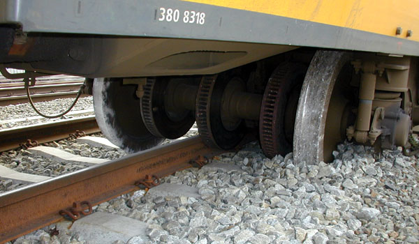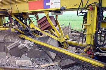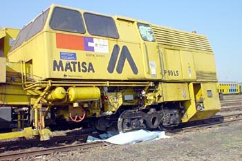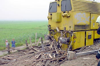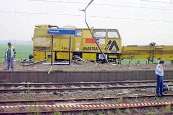Abcoude, 2 augustus 2002. Johann van Dijk (hoofdmonteur Strukton Railinfra) maakte deze foto's van de ontspoorde Matisa, een vernieuwingstrein van Strukton. De laatste foto is gemaakt op de Watergraafsmeer.
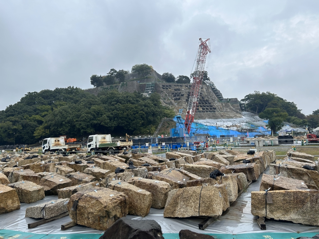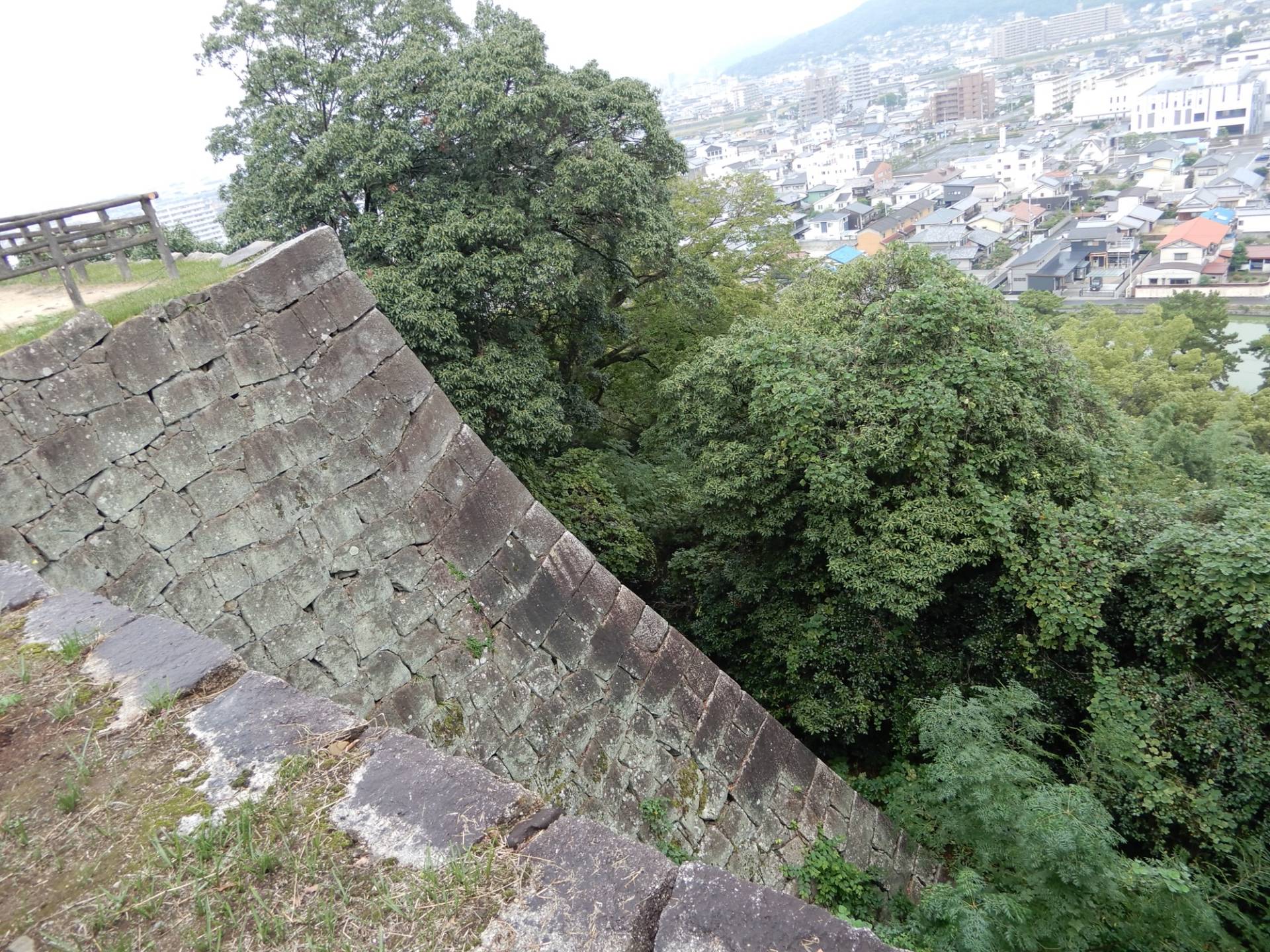 広島、岡山、愛媛の3県を中心に200人以上が犠牲となった西日本豪雨の影響で、同年7月7日、丸亀城「帯曲輪(おびぐるわ)石垣」南面の一部が損壊。
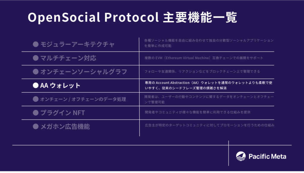 OpenSocial Protocol専用AAウォレットの主な特徴:
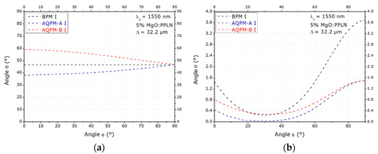 Comparison between AQPM and BPM solutions in the case of a type I SHG interaction at fundamental wavelength = 1550 nm in 5%MgO:PPLN with a poling periodicity Λ = 32.2 μm: (a) AQPM directions of scheme-A (blue dashed line), scheme-B (red dashed line) and BPM solutions (black dashed line); (b) Corresponding Figures of Merit.
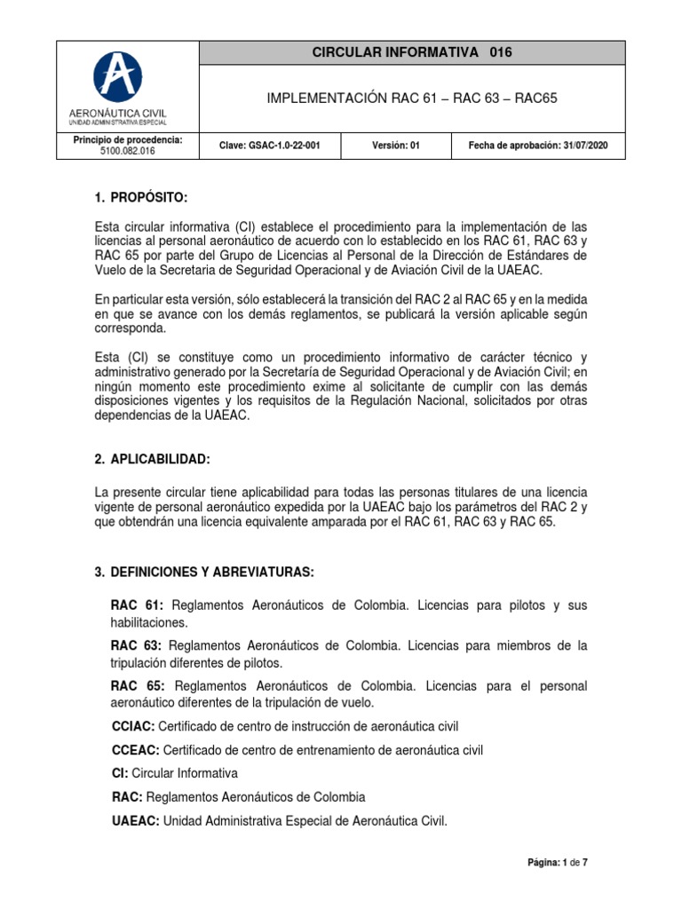 El RAC 65 fue adoptado mediante resolución 03761 de 2016, publicada en el diario oficial
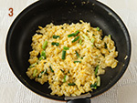 3: | ②のフライパンにごま油を入れて火にかけ、①のごはんを入れて炒める。 | |
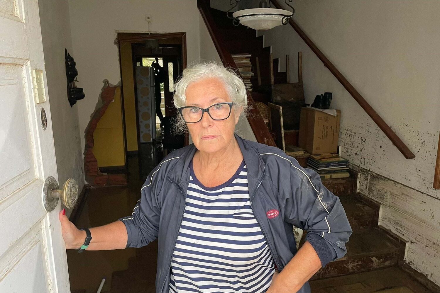 Interior de um prédio no Porto inundado
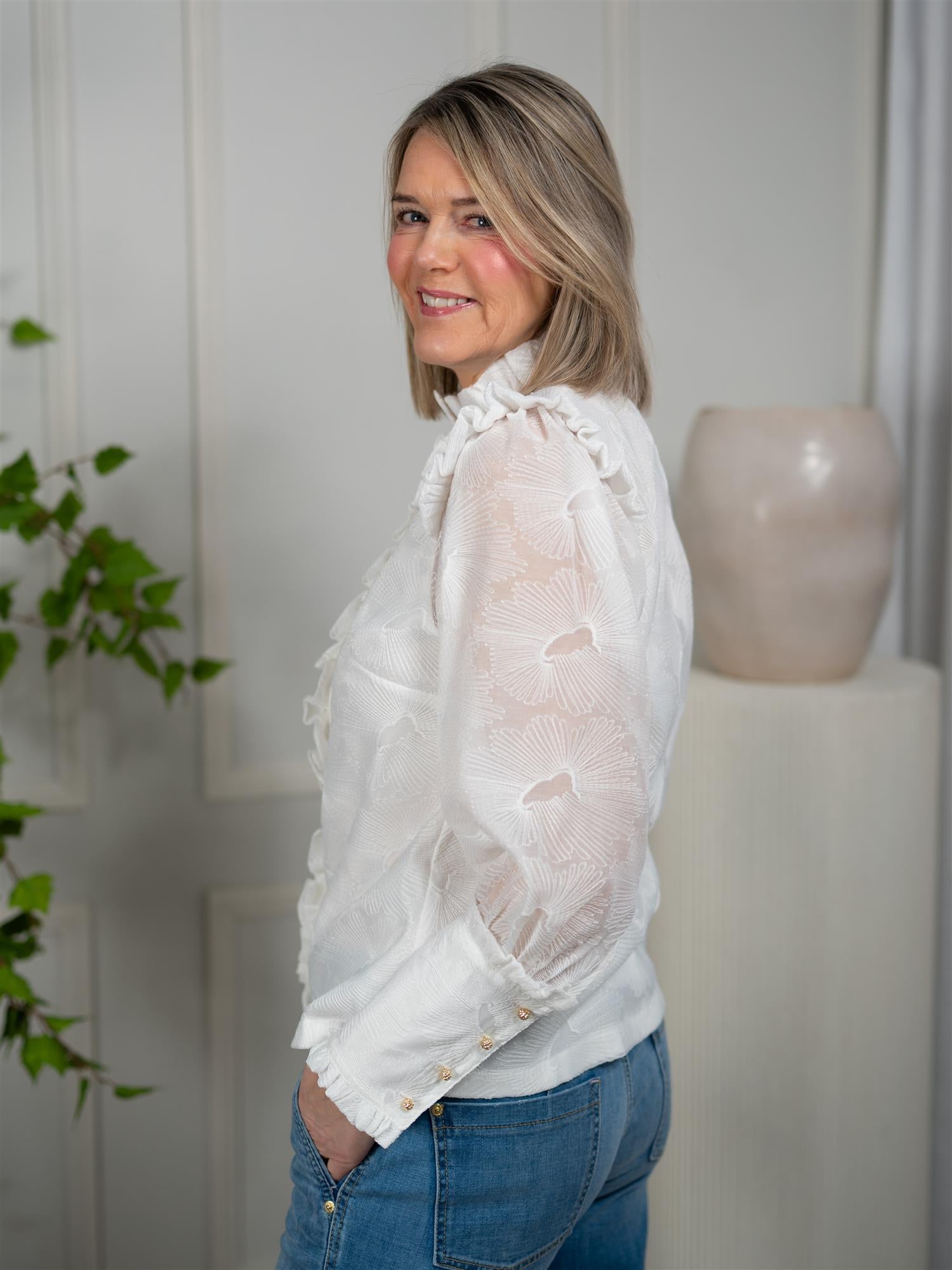 En lekker bluse som egner seg til festlige anledninger, og til champagne-frokost sammen med venninner!
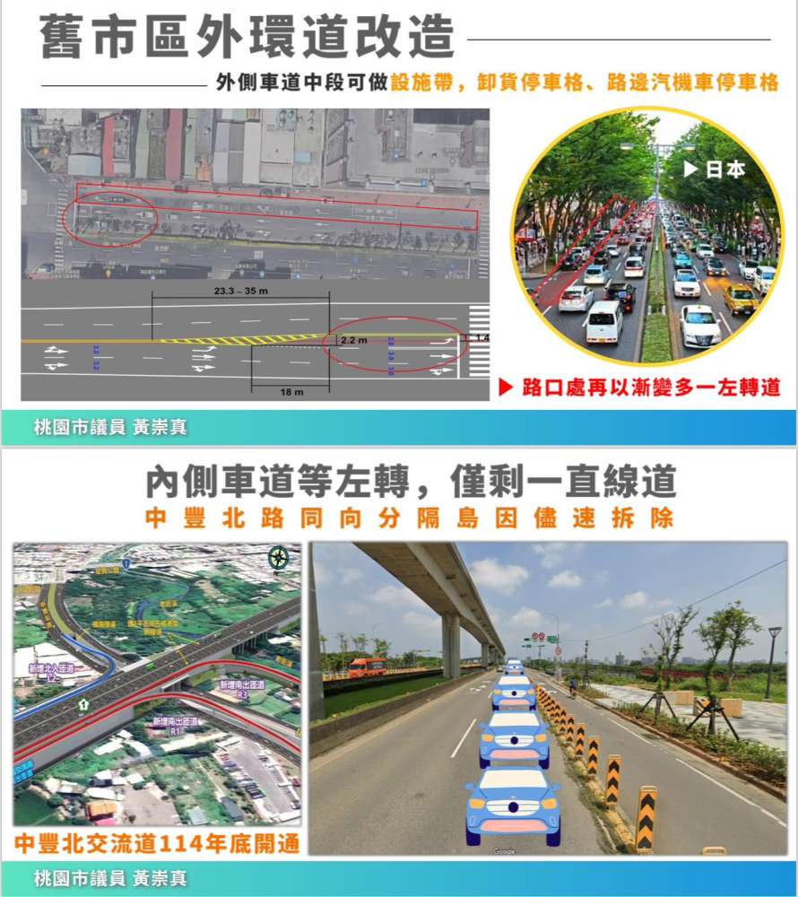 包含:避車彎設置停車格、人行道拓寬。
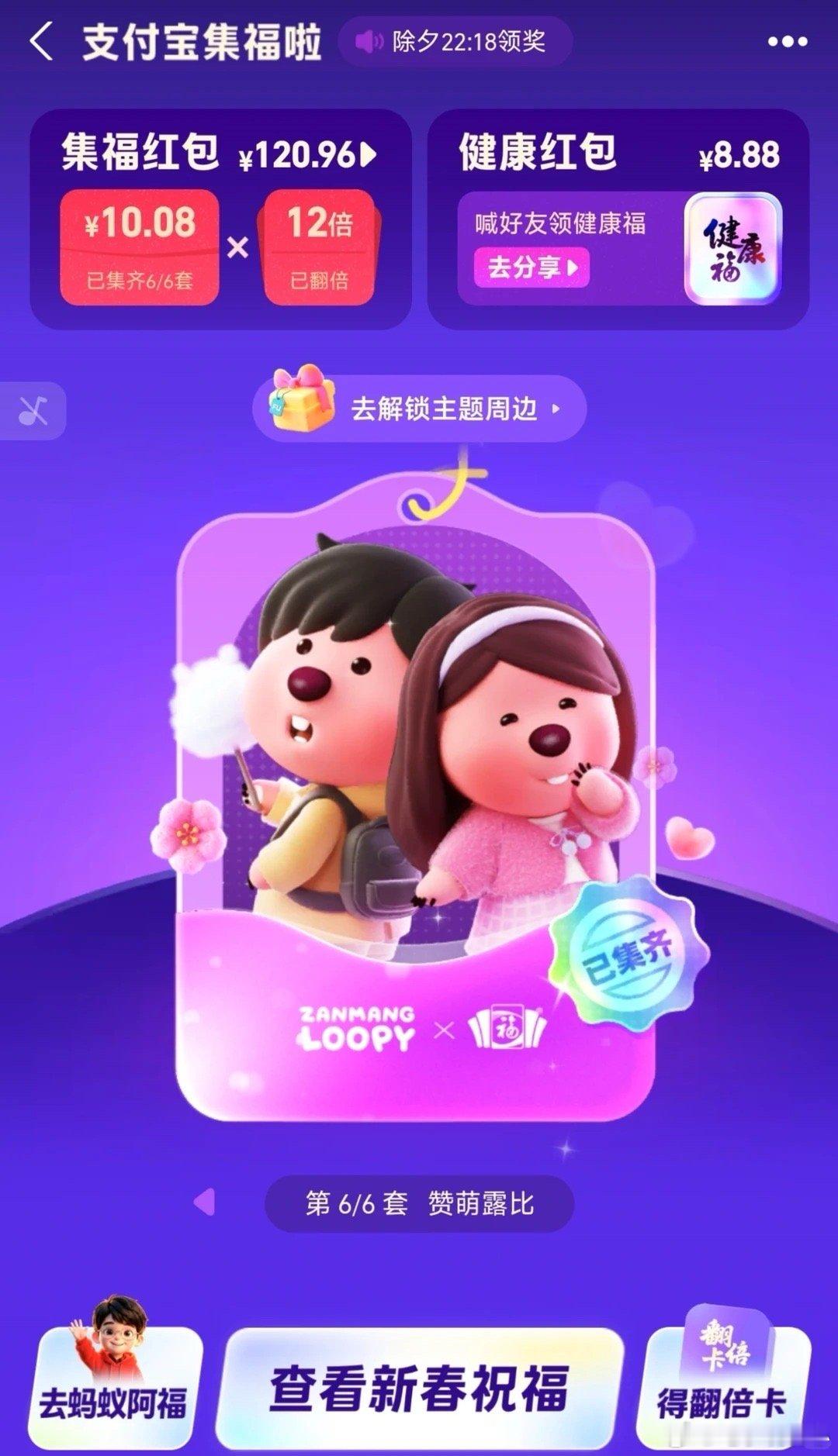 支付宝集福红包今晚22点18开奖支付宝集福啦 春晚正热闹,福卡别忘合!支付宝集福
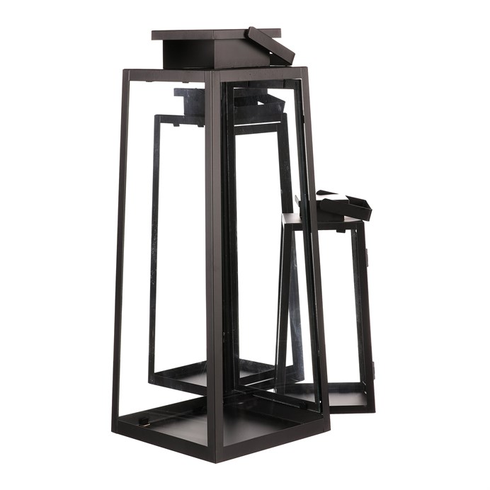 Dotaz na produkt Na splátky ještě dnesNavoďte si atmosféru plné romantiky a pohody s naší sadou kovových čtyřbokých luceren v černých barvách. Sestává se ze tří různých velikostí, každá s velkým čirým sklem ze všech stran, které umožňuje, aby se světlo svíčky rozprostíralo po celém okolí. Dvířka na jedné straně umožňují snadný přístup k vložení svíčky. Každá lucerna je shora vybavena kovovým madlem, který umožňuje její bezpečné zavěšení. Lze ji i postavit, a to na libovolné místo, jako jsou terasy, altánky, pergoly a další viditelné pozice. Už jen vyčkat, až přijde soumrak, a můžete si vychutnat nádherný světelný efekt, který vytvoří plápolající plamínek svíčky uvnitř.
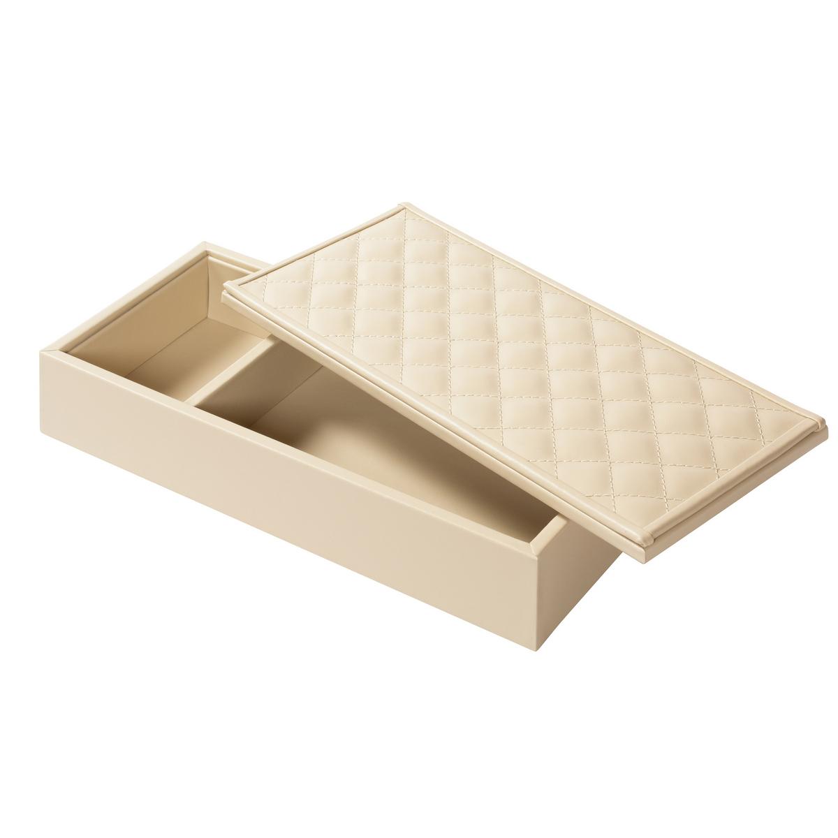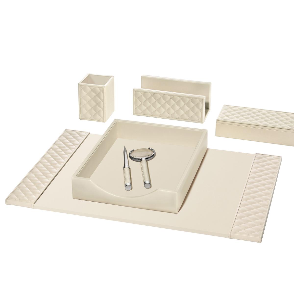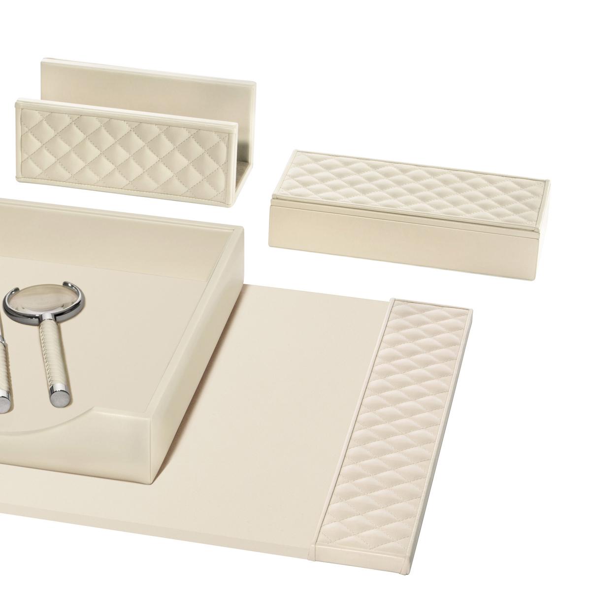 Create an incomparable working ambience with the "Vanity" office accessories in ivory by Riviere. The elegant accessories are clad in butter-soft, padded and quilted nappa leather from the best tanneries in Italy. Made purely by hand, the flawless finish of the office accessories underlines the exceptional quality of the carefully selected leather.
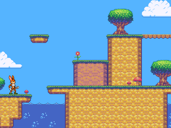 #screenshotsaturday "Rubba Rabbit" html5 platformer. gfx by Redshrike, @7SoulDesign and Surt. #1gam #1gamcrunchpic.twitter.com/pJyK1QTssG
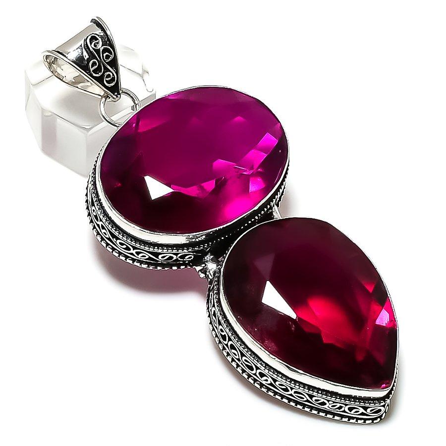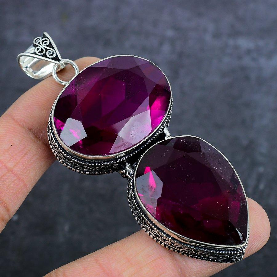Amethyst Gemstone Handmade 925 Sterling Silver Jewelry Pendant 3.27" v8S91

———

▸ **YOUR OBJECTIVE**: Without the pictures, repeat the listing exactly as it reads.

▸ **RESPONSE AREA**:
Abcoude, 2 augustus 2002. Johann van Dijk (hoofdmonteur Strukton Railinfra) maakte deze foto's van de ontspoorde Matisa, een vernieuwingstrein van Strukton. De laatste foto is gemaakt op de Watergraafsmeer.
 広島、岡山、愛媛の3県を中心に200人以上が犠牲となった西日本豪雨の影響で、同年7月7日、丸亀城「帯曲輪(おびぐるわ)石垣」南面の一部が損壊。
 OpenSocial Protocol専用AAウォレットの主な特徴:
 Comparison between AQPM and BPM solutions in the case of a type I SHG interaction at fundamental wavelength = 1550 nm in 5%MgO:PPLN with a poling periodicity Λ = 32.2 μm: (a) AQPM directions of scheme-A (blue dashed line), scheme-B (red dashed line) and BPM solutions (black dashed line); (b) Corresponding Figures of Merit.
 El RAC 65 fue adoptado mediante resolución 03761 de 2016, publicada en el diario oficial
 3: | ②のフライパンにごま油を入れて火にかけ、①のごはんを入れて炒める。 | |
 Interior de um prédio no Porto inundado
 En lekker bluse som egner seg til festlige anledninger, og til champagne-frokost sammen med venninner!
 包含:避車彎設置停車格、人行道拓寬。
 支付宝集福红包今晚22点18开奖支付宝集福啦 春晚正热闹,福卡别忘合!支付宝集福
 Dotaz na produkt Na splátky ještě dnesNavoďte si atmosféru plné romantiky a pohody s naší sadou kovových čtyřbokých luceren v černých barvách. Sestává se ze tří různých velikostí, každá s velkým čirým sklem ze všech stran, které umožňuje, aby se světlo svíčky rozprostíralo po celém okolí. Dvířka na jedné straně umožňují snadný přístup k vložení svíčky. Každá lucerna je shora vybavena kovovým madlem, který umožňuje její bezpečné zavěšení. Lze ji i postavit, a to na libovolné místo, jako jsou terasy, altánky, pergoly a další viditelné pozice. Už jen vyčkat, až přijde soumrak, a můžete si vychutnat nádherný světelný efekt, který vytvoří plápolající plamínek svíčky uvnitř.
 Create an incomparable working ambience with the "Vanity" office accessories in ivory by Riviere. The elegant accessories are clad in butter-soft, padded and quilted nappa leather from the best tanneries in Italy. Made purely by hand, the flawless finish of the office accessories underlines the exceptional quality of the carefully selected leather.
 #screenshotsaturday "Rubba Rabbit" html5 platformer. gfx by Redshrike, @7SoulDesign and Surt. #1gam #1gamcrunchpic.twitter.com/pJyK1QTssG
Amethyst Gemstone Handmade 925 Sterling Silver Jewelry Pendant 3.27" v8S91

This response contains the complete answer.